Feel free to submit a PR to clean it up or actually make it usable for more than just our use case.
## CLI Flags
Currently, the following CLI options are implemented:
| Flag | Default | Meaning |
|------------------|------------------------|-------------------------------------------------------------------------------------------------------------------------------------------------------------|
| frames | 1 | the number of HEADERS and RST_STREAM frames to send on any stream |
| connections | 1 | the number of TLS connections to run the attack on (concurrently) |
| consecutiveSends | 1 | number of HEADERS frames to send before sending RST_STREAM frames (per flow) |
| connectAttempts | 1 | number of consecutive connections to run the test on (per connect-routine) |
| delay | 0 | the time (in ms) to wait between sending HEADERS and RST_STREAM frames |
| ignoreGoAway | false | if true, GOAWAY streams will not cause the receiving routine to terminate. Instead, it will wait until no frame has been received for more than 10 seconds. |
| monitor | false | enable performance monitoring |
| monitorDelay | 100 | the time (in ms) to wait between testing response latency |
| monitorLog | ./monitor.log | to file to write monitor delay logs |
| routines | 1 | the number of streams to attack |
| skipValidation | true | if true, the server certificate will not be validated (this is the default - we don't care about security since we are the attacker anyways) |
| timeout | 1000 | time to wait for new frames before considering the connection attempt as invalid and stopping it |
| url | https://localhost:433/ | the url to run the attack against |
## Example output
The tool will print out a lot of debug information, as well as a summary.
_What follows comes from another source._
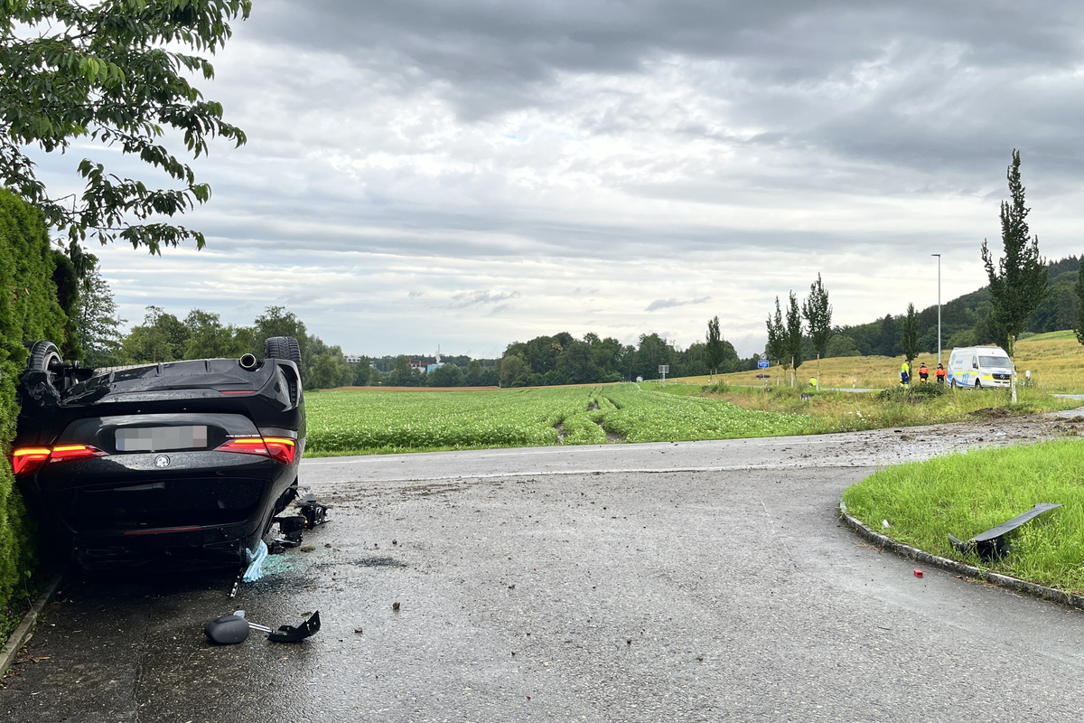 Ein schwarzer BMW ist am frühen Morgen von der Strasse abgekommen und auf dem Dach gelandet. Der Lenker wurde verletzt. Der hohe Alkoholwert dürfte zum Unfallgeschehen beigetragen haben.
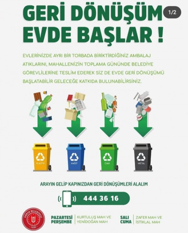 4 Şubat 2023 Cumartesi 2017 yılında ülkemizde başlatılan ‘Sıfır Atık’ hareketine tam destek veren Gürsu Belediyesi yepyeni bir yarışma başlatıyor. Gürsu Belediyesi İklim Değişikliği ve Sıfır Atık Müdürlüğü’nün hamlesi ile Kültür Müdürlüğü bünyesindeki kültürel ve eğlence aktivitelerini ücretsiz bilet uygulaması kampanyası düzenleyerek ilçede ciddi bir algı yaratan Gürsu Belediyesi bu kez de ev hanımlarını projeye dahil ediyor. GüRSU’DA GERİ DöNüŞüM EVLERDE BAŞLAYACAK Gürsu Belediyesi, Sıfır A

The debug information contains information about the way the connection was established and about the current progress and the type of frames currently being sent.
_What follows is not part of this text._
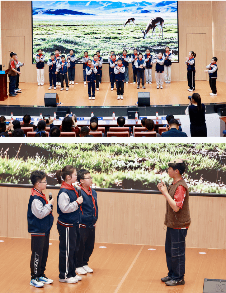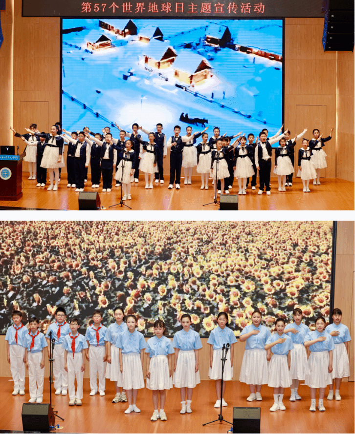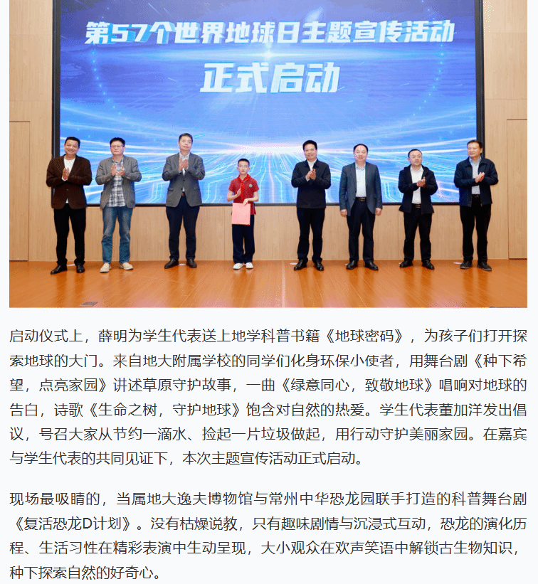 启动仪式上,薛明为学生代表送上地学科普书籍《地球密码》,为孩子们打开探索地球的大门。来自地大附属学校的同学们化身环保小使者,用舞台剧《种下希望,点亮家园》讲述草原守护故事,一曲《绿意同心,致敬地球》唱响对地球的告白,诗歌《生命之树,守护地球》饱含对自然的热爱。学生代表董加洋发出倡议,号召大家从节约一滴水、捡起一片垃圾做起,用行动守护美丽家园。在嘉宾与学生代表的共同见证下,本次主题宣传活动正式启动。

The summary will look something like this (depending on your configuration)
```
####################SUMMARY####################
Packet types received:
PING: 2
HEADERS: 12
SETTINGS: 0
DATA: 11
GOAWAY: 3
RSTSTREAM: 0
WINDOWUPDATE: 0
UNKNOWN: 0
Attack ending reasons (per receiving thread):
GoAway events: 3
Timeout events: 0
Error events: 0
Summary for connection 2
PING: 1
HEADERS: 9
SETTINGS: 0
DATA: 6
GOAWAY: 1
RSTSTREAM: 0
WINDOWUPDATE: 0
UNKNOWN: 0
Reason for stopping to listen for more packets: GoAway - the server responded as expected.
Summary for connection 1
PING: 1
HEADERS: 3
SETTINGS: 0
DATA: 5
GOAWAY: 1
RSTSTREAM: 0
WINDOWUPDATE: 0
UNKNOWN: 0
Reason for stopping to listen for more packets: GoAway - the server responded as expected.
Summary for connection 0
PING: 0
HEADERS: 0
SETTINGS: 0
DATA: 0
GOAWAY: 1
RSTSTREAM: 0
WINDOWUPDATE: 0
UNKNOWN: 0
Reason for stopping to listen for more packets: GoAway - the server responded as expected.
```
If you think there are other statistics that need to be gathered - do not hesitate to contact me or create an issue!
## TODO
- calculate the average delay between sending HEADERS and receiving the first frame for this request
- calculate the average delay between sending HEADERS and receiving GOAWAY frames, if any
- calculate the percentage of connections the server responded correctly to
- calculate the percentage of streams the server responded correctly to (per connection and in total)
- include amount of packets sent in the summary
## DISCLAIMER
This tool is meant for research purposes ONLY. It is not meant to run attacks against servers not owned or managed by yourself.
I take no responsibility for the accuracy of the statistics provided, nor for attacks and their consequences for servers and services.